Aim of the exercise>
Starting at the line that contains "- Tlakové vaření, rýže, pára, ovesné" and ending at the line that contains "Ecken an Plattenkanten, Laibungen", the lines below are to be given again exactly, with nothing added.

** Opening Records provided block **

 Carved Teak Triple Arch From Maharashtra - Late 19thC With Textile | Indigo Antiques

** Closing Records provided block **
** Opening Records provided block **

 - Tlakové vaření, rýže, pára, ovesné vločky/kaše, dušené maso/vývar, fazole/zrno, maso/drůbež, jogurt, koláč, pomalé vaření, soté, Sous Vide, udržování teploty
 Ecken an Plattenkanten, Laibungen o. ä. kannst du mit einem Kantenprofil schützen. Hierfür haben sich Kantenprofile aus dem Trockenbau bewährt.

** Closing Records provided block **

Result>
 - Tlakové vaření, rýže, pára, ovesné vločky/kaše, dušené maso/vývar, fazole/zrno, maso/drůbež, jogurt, koláč, pomalé vaření, soté, Sous Vide, udržování teploty
 Ecken an Plattenkanten, Laibungen o. ä. kannst du mit einem Kantenprofil schützen. Hierfür haben sich Kantenprofile aus dem Trockenbau bewährt.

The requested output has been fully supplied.